The Haunted Drum (เปิงมาง กลองผีหนังมนุษย์) is a 2007 Thai horror drama film directed by Nuttapeera Shomsri (ณัฐพีระ ชมศรี) and Sarunya Noithai (สรัญญา น้อยไทย).

== Plot ==
In 19th century Siam, Ping wishes to become a talented musician like his parents who once served as royal musicians. After his grandfather died, he asked Ping to release a woman spirit from her suffering. As an adult, he becomes a student of Master Duang, a famous master musician. Master Duang owned the mysterious drum called poeng mang, which is said to have been made by the skin of a beautiful woman named Thip. Ping falls in love with a beautiful girl who teaches him how to master drum skills but she is in fact the ghost living inside the drum. Meanwhile, an arrogant musician called Muan tries to convince all the students to leave Master Duang to join the band of a greedy provincial deputy. Some students die horribly. Even if Muan is defeated by Ping during a drum contest, things get worse and the drum becomes not only an instrument of music but also an instrument of death.

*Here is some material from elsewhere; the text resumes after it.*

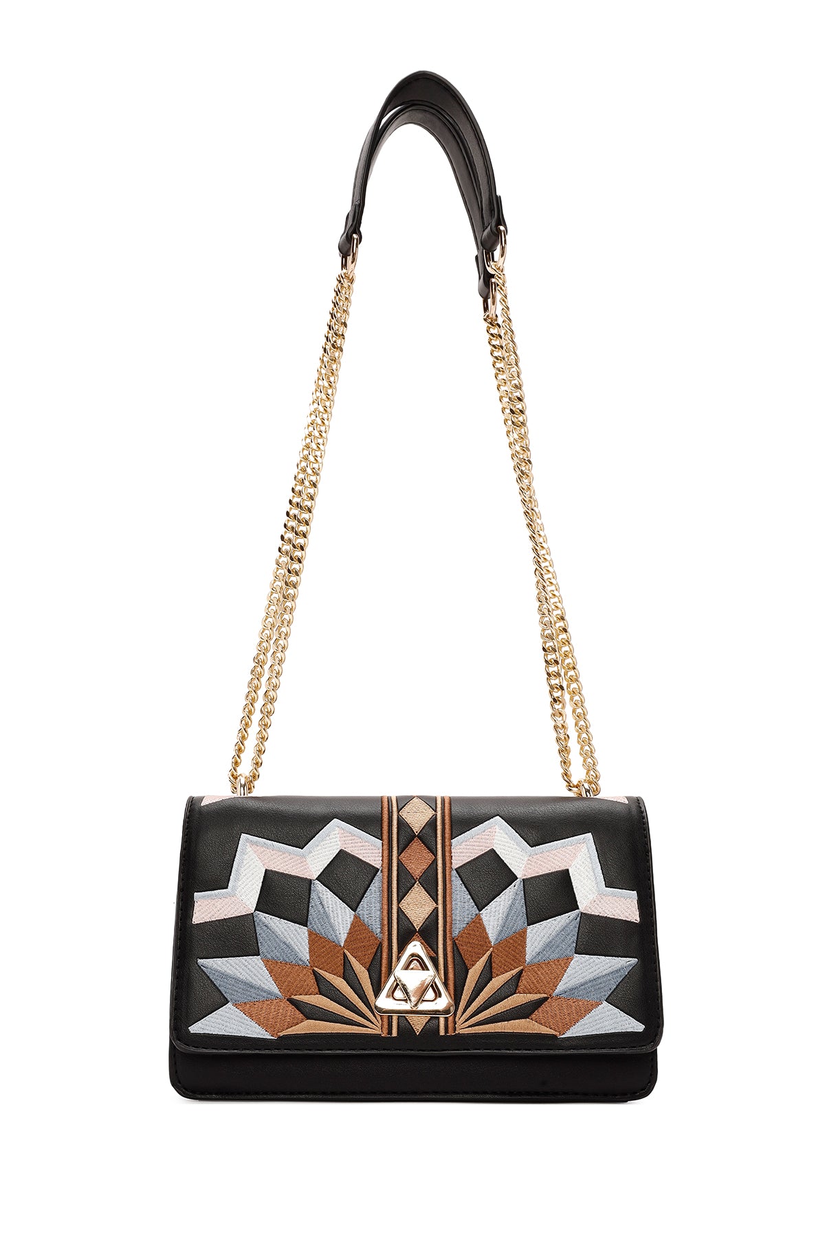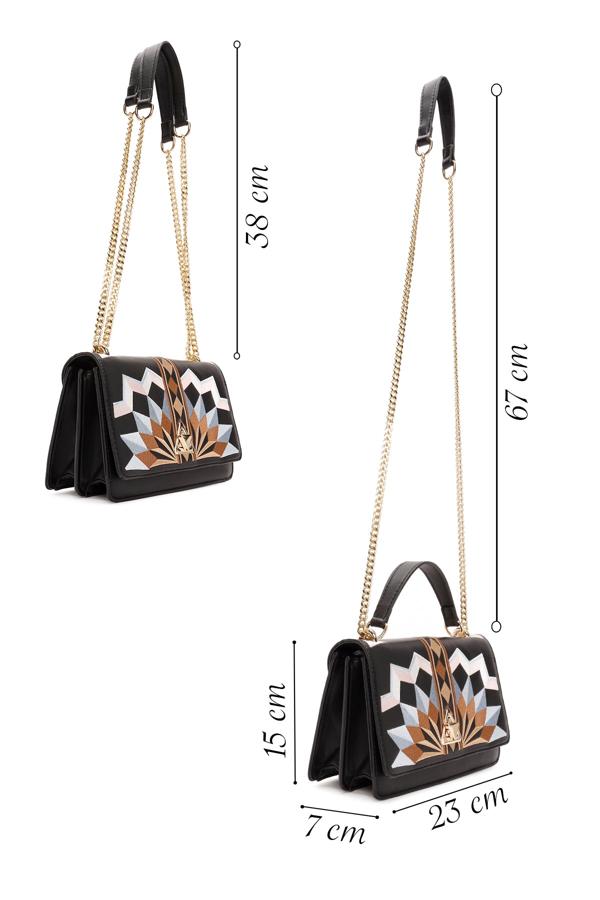Kadın Siyah Uzun Askılı Baskılı Omuz Çantası
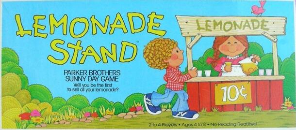 In this game, you try to be the first player to sell all the lemonade at your stand. A deck of numbered "glasses" is dealt evenly to the players. On your turn, you spin the spinner and advance the number of spaces indicated. If you land on a Customer Space, you may place your top glass on it if it is empty, or if the number on your glass is exactly one...

It is revealed that Thip offered herself as sacrifice to create the drum and has been acting as the guardian spirit of the drum ever since. After many students who join the Deputy side are killed by Thip, the Deputy orders the music school to be burned down. When the deputy tried to steal the sacred drum, he and his men are killed by Thip and he himself is dragged to hell by those that cursed by the drum for his sacrilege. Ping reads the letter from Master Duang, which turns out to the instruction of an incantation to free the spirit of Thip. After freeing Thip, Ping comes at the ruin of the school and encounter the rich patron of the school who helps him rebuilding the school. Decades later, Ping succeed Master Duang and the rebuilt academy. One day, during a performance, he sees the vision of Thip and dies, reuniting with her at last in the afterlife.

==Release==
===Home media===
The Haunted Drum became available on Toku on 8 April 2017 and as VOD through Amazon Prime Video.